Görünüşe göre dizel skandalı daha uzunca bir süre Volkswagen cephesini meşgul etmeye devam edecek. Bir yandan dizel skandalıyla mücadele eden marka diğer yandan ise elektrikli otomobil devi olma yolunda ilerliyor. Kendi elektrikli platformunu geliştiren markada inanılmaz büyük yatırımlar söz konusu. Otomobil eleştirmenleri bile bu kadar büyük bir yatırım tahmin etmiyordur.
Volkswagen’de trend araştırmacısı olan Wolfgang Müller emin: “Elektrikli otomobil onaylandı.” Bununla ise elektrikli otomobil konusunun Volkswagen için artık geri dönülmez sürece girdiğini kast ediyor. Marka o yola girdi ve dönüşü yok. Grup tek başına milyon adetler hedefliyor. Bunun 2020 yılından önce gerçekleşmesi pek olası değil. Ancak 2020 yılında Volkswagen her biri 600 km elektrikli menzile sahip iki adet tamamen yeni elektrikli otomobil ile pazara giriş yapmış olacak. Üstelik bu araçlar eşdeğer bir dizel motorlu araçla aynı fiyat seviyesinde olacak.
Bir yandan elektrikli otomobil ürün gamı için harıl harıl çalışan marka, aynı zamanda içten yanmalı motorlara sahip ürün gamını da geliştirmeye devam ediyor. Sadece var olan ürün gamını güncellemekle kalmayan VW aynı zamanda yeni ürünlerle de müşterilerinin gönlünü hoş tutmaya devam ediyor. Özellikle her geçen gün daha fazla ürünün giriş yaptığı SUV segmentine yeni modeller henüz 2018 yılında geliyor. Hem de ürün gamının alt seviyesine, yani en yoğun rekabetin yaşandığı pazarda ağırlıklı olmak üzere. Mart 2018’de, Cenevre’de değil ama Pekin’de yeni nesil Touareg lanse edilecek. Bu, markanın heybetli SUV modeliyle hangi pazara odaklandığını açık bir şekilde gözler önüne seriyor. Ekim ayında ise ürün gamının diğer ucunda, yani giriş seviyesinde yer alacak olan T-Cross görücüye çıkacak. Ama Paris’te değil. Çünkü Volkswagen Paris’te sadece yerel distribütör tarafından temsil ediliyor.
İlginizi çekebilir
Touareg ve T-Cross
Yeni Touareg en büyük olmayabilir, ama markanın en pahalı SUV modeli olmaya devam edecek.

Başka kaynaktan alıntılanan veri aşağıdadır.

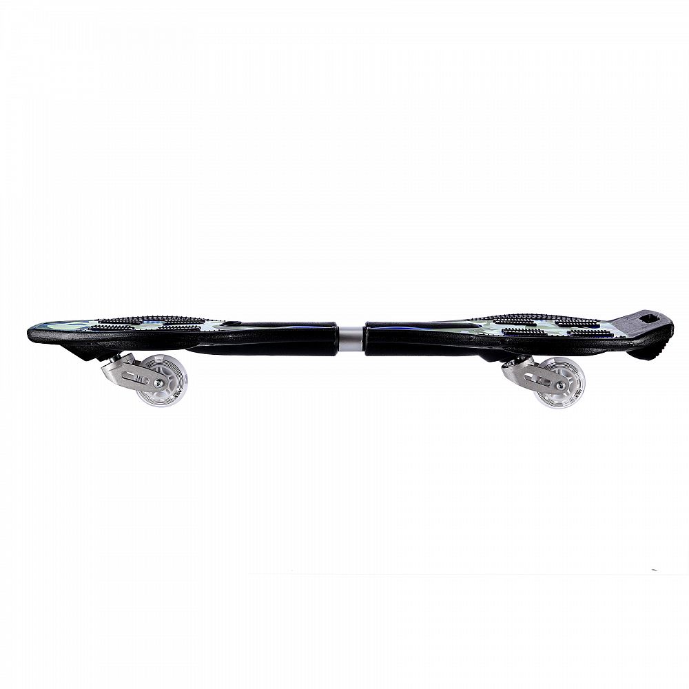 Waveboard je inovatívny skateboard, ktorý poskytuje mimoriadnu kontrolu a rýchlosť vďaka použitiu jedinečného mechanizmu na vyvažovanie telom. Užívateľ ho uvádza do pohybu dynamickými pohybmi bokov a nôh, čo umožňuje plynulé zrýchlenie bez toho, aby sa musel odrážať nohami od zeme. Vďaka tomu je jazda na waveboarde plynulá a intuitívna a zároveň ponúka skvelý tréning koordinácie a rovnováhy. Skateboard je navyše vybavený funkčnou brzdou na zadnej strane pre rýchle a bezpečné zastavenie. Vďaka tomu je WB001 vynikajúcou voľbou pre deti a dospievajúcich, ktorí chcú vyniknúť a užiť si bezpečnú jazdu na novej úrovni.
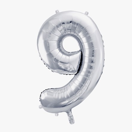Großer Folienballon Zahlenballon Zahl ''9'' in silber

ABD pazarı odaklı Atlas’ın aksine Touareg yeni MQB platformu ile yollara çıkmıyor ve teknik açıdan Porsche Cayenne ve Audi Q7 ile ortak bir platform üzerine yükseliyor. Teknik olarak Audi ve Porsche temsilcileriyle akraba olsa da bol kromlu heybetli ön ızgara Arteon’dan esintiler taşıyor. Bunun dışında cam çerçeveleri ve kapı eşiklerindeki krom yüzeyler de kalite algısını yükseltiyor.
Her ne kadar yeni nesil 6.0 cm artışla 4.86 metreye uzayan boyutları ve tasarımıyla çok ama çok daha heybetli bir duruş sergiliyor olsa da ABD pazarında sunulmuyor. Çünkü 18 cm daha uzun olan Atlas çok daha geniş bir iç mekâna sahip. Detaylar konusunda daha zayıf ve kokpitin kalite hissi daha düşük olsa da en önemlisi fiyatı daha uygun. ABD pazarında otomobil tüketicisi için bütün bunlar daha fazla katma değer yaratıyor. Yeni Touareg’de ise 12.4 inçlik geniş ekran kokpitin en önemli donanımı olarak öne çıkıyor.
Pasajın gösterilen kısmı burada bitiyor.